I'll be there to watch and size up my comp for when I qualifier mid year. woop woop!


----------



## Littleluke (Nov 21, 2005)

Oh and I'll be doing the classics this year so watch your ass Jamie... Literally PMSL x


----------



## Magic Torch (May 30, 2005)

Its ok mate, i'll be on stage at 90Kgs so I'll just stand in front of your little ass then no one will see you....78kgs is it? xxxx


----------



## Littleluke (Nov 21, 2005)

PMSL! Man with your baboon as no-one will be seen.. Keep talking mate.. weight means nothing x MOUHAHAH


----------



## Magic Torch (May 30, 2005)

Haha yeah yeah, this is gonna be fun! Call me tonight dude for a catch up, just done my plan for the next few months!


----------



## Littleluke (Nov 21, 2005)

Can't tonight buddy but will give u a tinkle tomorrow for sure! evening time. Drop me a text if its no good..

I will be working with Mr James L this year and we are aiming for his pro card winning conditioning. woop woop!


----------



## jonnyregan10 (Jan 6, 2009)

any1 competeing in may in the northwest under 21ns


----------



## steven-nicholls (Oct 15, 2008)

hi buddy,

my prep has started getting ready for the show, its been 3 years since i competed last at the show as a middle weight. this time i'm back as a light heavy weight.

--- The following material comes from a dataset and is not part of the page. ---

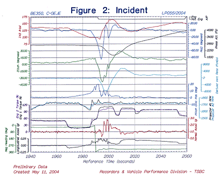 L'annexe B présente les courbes FDR correspondant au décrochage. Le FDR révèle que l'avion a volé en palier à 2700 pieds asl pendant environ deux minutes avant de décrocher. Après la mise en palier, la vitesse a diminué lentement jusqu'à environ 135 noeuds, puis elle est demeurée relativement constante dans les 30 secondes qui ont suivi. L'équipage a réduit la puissance, et le couple a diminué; il est passé de 48 % à 20 %, ce qui a rapidement fait chuter la vitesse à 98 noeuds dans les 14 secondes qui ont suivi. L'équipage a augmenté la puissance, et le couple a augmenté à environ 54 %. L'avion a alors amorcé un mouvement de roulis vers la gauche à un taux d'environ 5° par seconde. La vitesse est demeurée à 98 noeuds pendant plusieurs secondes, pendant que le taux de roulis augmentait à 15° par seconde et que la position de la commande de tangageNote de bas de page 5 augmentait à 20° avant le décrochage. Le pilote automatique est demeuré embrayé jusqu'au décrochage de l'avion.

this is a great show, i've been there every year for the last 4 years.

see you there and give me a cheer when i'm on stage.. always great to hear support when your on that stage. i cant wait.

I've been posting a journal and will be posting some pics soon.. :thumbup1:


----------



## MissBC (Apr 29, 2008)

hmmmmmmmmmmmmmmmmmmmmm MAY do this show too i have decided, its the week before my planned one so if im looking good then i will do both since they are only a week apart!


----------



## Judah (Sep 4, 2008)

I'm gonna be doing the UKBFF Portsmouth comp,i can't wait,have not done a show since oct 2007,where i let my self down. not dis tyme U100kg class for me. who else gonna be doin my class?


----------



## DB (Oct 31, 2003)

Judah said:


> I'm gonna be doing the UKBFF Portsmouth comp,i can't wait,have not done a show since oct 2007,where i let my self down. not dis tyme U100kg class for me. who else gonna be doin my class?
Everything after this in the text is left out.